3D Printing in the Aerospace Industry
Looking for 3D printing specialists in the aerospace industry? Alexander Daniels Global can help. Throughout this article, we’ll discuss how 3D printing is used, and benefits, aerospace as an industry, while detailing how you can easily recruit for your additive manufacturing team.
A History of 3d printing in aerospace
The Aerospace and Defense industry is said to be one of the earliest adopters of 3D Printing technology. Dating as far back as the 1980s, 3D printing is a technology which continues to revolutionize the aerospace industry. In recent years, the technology has been used to reach new levels:
2011 – designers and engineers created the first entirely 3D printed plane at the University of Southampton – the entire structure of the Southampton University Laser Sintered Aircraft (SULSA) was printed from the wings to the integral control surface. The weight of SULSA was 3kgs, with a span of 1.2m and a cruise speed of 50 knots (58mph) and flew almost silently.
2016 – ‘Thor’ (Test of Hi-tech Objectives in Reality) was unveiled in Berlin by Airbus. It was the world’s second 3D printed aircraft whose entire body was made by 3D printing except the electrical engine parts of the model. Notably, THOR is a windowless drone that weighs 46 pounds (21 kilograms) and is less than four meters (13 feet) in length.

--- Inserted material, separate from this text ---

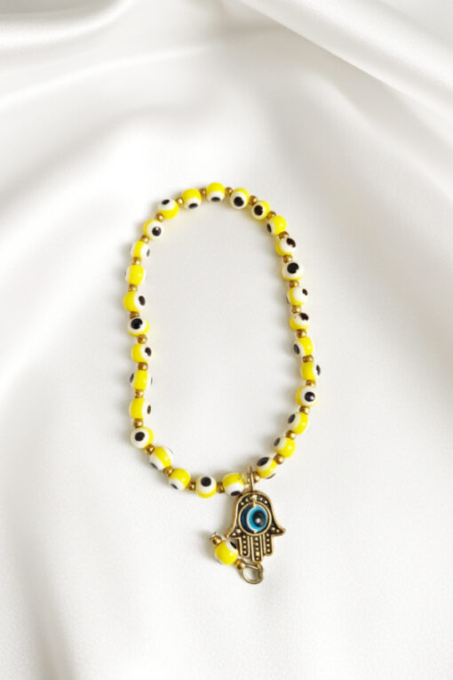 Tags: boho spiritual accessory, everyday wear bracelet, evil eye hamsa jewelry, evil eye protection charm, faith charm jewelry, gold hamsa hand bracelet, good luck charm bracelet, hamsa evil eye bracelet, hamsa hand charm, handmade style bracelet, meditation bracelet, protection charm bracelet, protective amulet bracelet, spiritual protection jewelry, symbolic charm bracelet, trendy spiritual jewelry, unisex spiritual bracelet, yellow bead bracelet, Yellow Evil Eye Bracelet, yellow spiritual jewelry
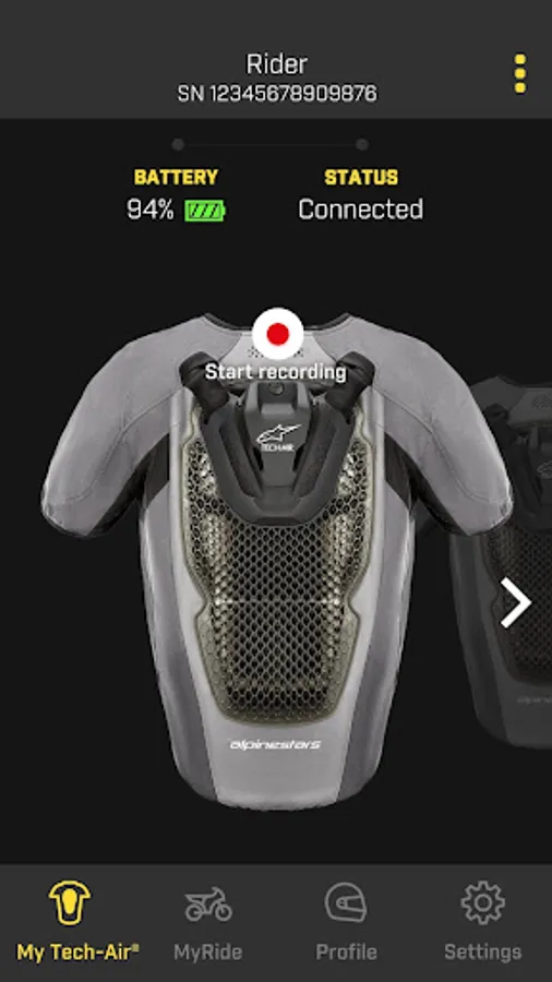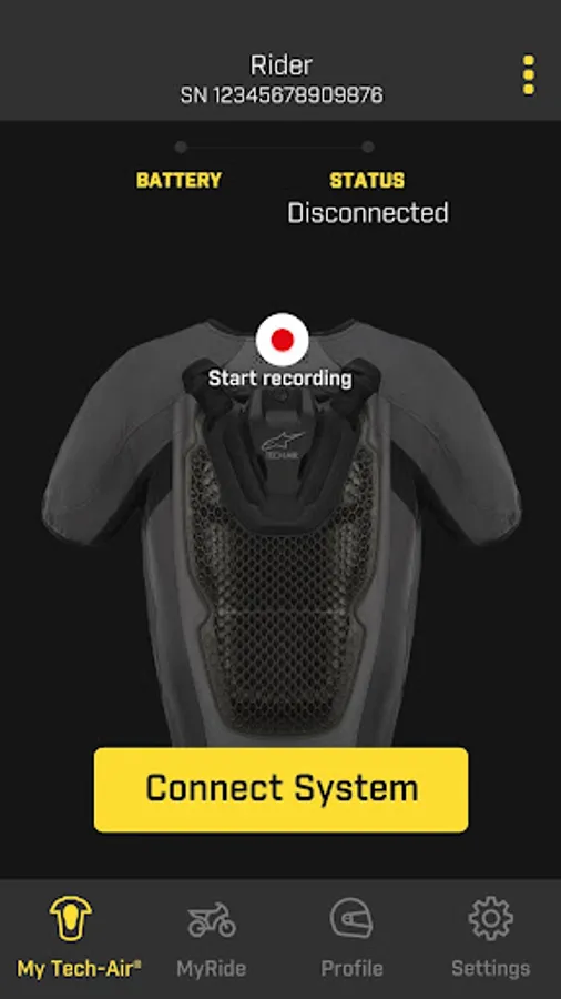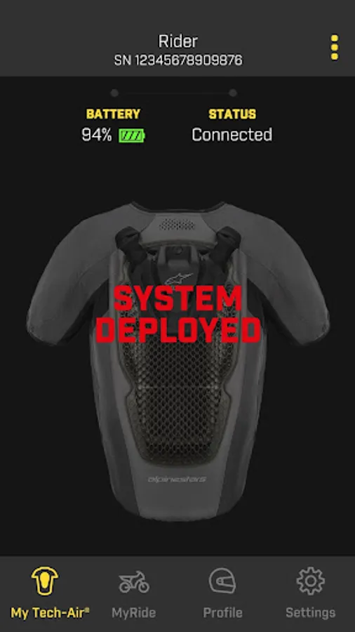 Packed with a variety of useful features, the App lets you easily register your Tech-Air® 5 Airbag System and monitor its status and battery life, as well as tracking the details of your ride. The App uses Bluetooth Connectivity to access the System’s data. Using the MyRide feature, riders can record location and speed continuously during a ride. Relive your ride and visualize your average and top speeds at any point along the route by zooming in on the map. MyRide gives motorcyclists the ability to record unlimited motorcycle rides and build up a complete library of individual trips, so you can easily retrace your trips and remember the great riding moments.

2020 – ArianeGroup, a joint venture between Airbus and Safran, successfully tested their 3D printed combustion chamber for European Space Agency (ESA) rocket engine, Ariane6, set to launch late in 2022. ArianeGroup believes the success of the tests paves the way for rocket engines made entirely by additive manufacturing.
You can read more at SpaceWatch.
In North America alone, we see the size and impact of the 3D Printing Aerospace market, which is forecast to reach $6,745.5M (USD) by 2026, at a CAGR of 22.17%, as reported by Fortune Business Insights.
How is 3D printing used by the industry?
There are multiple ways that 3D printing is used by the aerospace industry – some of the most common uses include the production of:
- Interior aircraft components – including the cockpit dashboards and door handles.
- Fixtures, gauges, and templates – which, in turn, brings down the cost of the 3D printing process as a whole.
- Placeholder parts – which are often used as substitute parts for training purposes.
- Metal brackets – that are used as part of the structural function inside the aircraft itself.
- Prototypes – which enable designers to refine both the form and fit of the finished parts.
Benefits of using 3D Printing in the aerospace industry:
- Costs – typically, as aircraft parts were historically produced in short runs, costs for this have been originally highly priced. That’s where 3D manufacturing helps to alleviate extra costs and streamline efficiencies of projects.
- Proficient with both large-scale and small-scale production – 3D printing allows manufacturers to produce short runs of both large scale and more intricate aircraft parts.
- Reducing aircraft weight – one of the biggest benefits is helping to reduce air-drag, fuel consumption and, in turn, damage against the environment. Traditionally manufactured parts are typically much more heavyweight and less durable – however, 3D manufactured parts allow for a more lightweight and durable product, which lends itself to a lighter aircraft.
- Tool-less manufacturing – modified parts and upgrades can be produced on demand, avoiding the need to stock numerous components as you would experience with traditional manufacturing and batch production.
- Design to production – 3D printing plays a significant role in the whole process – from conceptualization to production. From influencing conceptual modelling to large-scale models highlighting innovative new parts, there’s no doubt that 3D manufacturing has revolutionized aircraft production.
- Customization – additionally, additive manufacturing increases the ability to create bespoke parts and customization, for both functional and interior parts of the aircrafts.
With 3D printing revolutionizing the way aircrafts have been built and designed for more than four decades, it is difficult to imagine the aerospace and defense industry ever diverging from the AM industry.